Eliminating characteristics of learning material that are not necessary for learning will help students to focus on the learning processes that matter. This has been one of the important lessons for instructional design from cognitive load theory. However, the above analysis also shows that it is not always evident which characteristics of material can be regarded as being extraneous.

Germane cognitive load

Cognitive load theory sees the construction and subsequent automation of schemas as the main goal of learning (see e.g., Sweller et al. 1998). The construction of schemas involves processes such as interpreting, exemplifying, classifying, inferring, differentiating, and organizing (Mayer 2002). The load that is imposed by these processes is denominated germane cognitive load. Instructional designs should, of course, try to stimulate and guide students to engage in schema construction and automation and in this way increase germane cognitive load. Sweller et al. (1998) give the example of presenting practice problems under a high variability schedule (different surface stories) as compared to a low variability schedule (same surface stories). Sweller et al. (1998) describe the finding that students under a high variability schedule report higher cognitive load and also achieve better scores on transfer tests. They explain this by stating that the higher cognitive load must have been germane in this case. Apart from the fact that this is a “post-hoc” explanation there seem to be no grounds for asserting that processes that lead to (correct) schema acquisition will impose a higher cognitive load than learning processes that do not lead to (correct) schemas. It could even be argued that poorly performed germane processes lead to a higher cognitive load than smoothly performed germane processes. The fragility of Sweller et al.’s conclusion is further illustrated by work in which the effect mentioned by Sweller et al. did not occur. In a study in which learners had to acquire troubleshooting skills in a distillery system, participants in a condition in which practice problems were offered under a high variability schedule showed better performance on transfer problems than a low variability group, but, as measured with a subjective rating scale, did not show higher cognitive load during learning (de Croock et al. 1998).
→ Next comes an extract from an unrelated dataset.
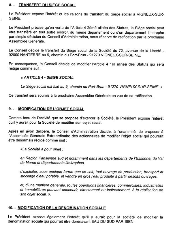 L’Assemblée Générale d’ESP du 1er mars 2024, convoquée sans même en aviser les administrateurs-censeurs de la SA, valident sa transformation, en SAS , ce qui emporte ipso facto la suppression de son CA, et, de ce fait, de tout droit de regard des représentants des collectivités desservies y siégeant à titre de censeurs avec voix consultative. (AG convoquée pourtant statutairement par ce même CA). Il faut dire que , à compter de 2021 la préparation puis la mis en œuvre du syndicat Eau du sud francilien s’était accompagné de la nomination de nouveaux censeurs (Mme Mayeur, et MM. Rio ,Teillet et Carrère) qui avaient eu l’outrecuidance de poser des questions sur les comptes qui leur étaient présentés.

An interesting question concerning germane load is whether germane load can be too high. Cognitive load theory focuses on the “bad” effects of intrinsic and extraneous load, but since memory capacity is limited, even “good” processes may overload working memory. What would happen, for example, if an inexperienced learner were asked to abstract over a number of concrete cases? Could this task cause a memory overload for this learner? Some of the cognitive load articles suggest that this could indeed be the case. Van Merriënboer et al. (2002), for example, write that they intend to “increase, within the limits of total available cognitive capacity, germane cognitive load which is directly relevant to learning” (p. 12). This suggests both that too much germane load can be invoked, and also that the location of the borderline might be known. In another study, Stull and Mayer (2007) found that students who used author-generated graphic organizers outperformed students who created these organizers themselves. Stull and Mayer concluded that students in the self-generated organizer condition obviously had experienced more extraneous load (again as a post-hoc explanation), but it also might have been the case that these students had to perform germane processes that were too demanding. Kalyuga (2007, p. 527) tried to solve this conceptual issue in the following way: “If specific techniques for engaging learners into additional cognitive activities designed to enhance germane cognitive load (e.g., explicitly self-explaining or imagining content of worked examples) cause overall cognitive load to exceed learner working memory limitations, the germane load could effectively become a form of extraneous load and inhibit learning.” This quote suggests that germane load can only be “good” and that when it taxes working memory capacity too much, it should be regarded as extraneous load. This, however, seems to be at odds with the accepted definition of extraneous load that was presented earlier.

Conceptual issues

Can the different types of cognitive load be distinguished?

The general assertion of cognitive load theory that the capacity of working memory is limited is not disputed. What may be questioned is another pillar upholding the theory, namely, that a clear distinction can be made between intrinsic, extraneous, and germane cognitive load. This section discusses differences between the different types of load at a conceptual level; a later section discusses whether the different forms of load can be distinguished empirically.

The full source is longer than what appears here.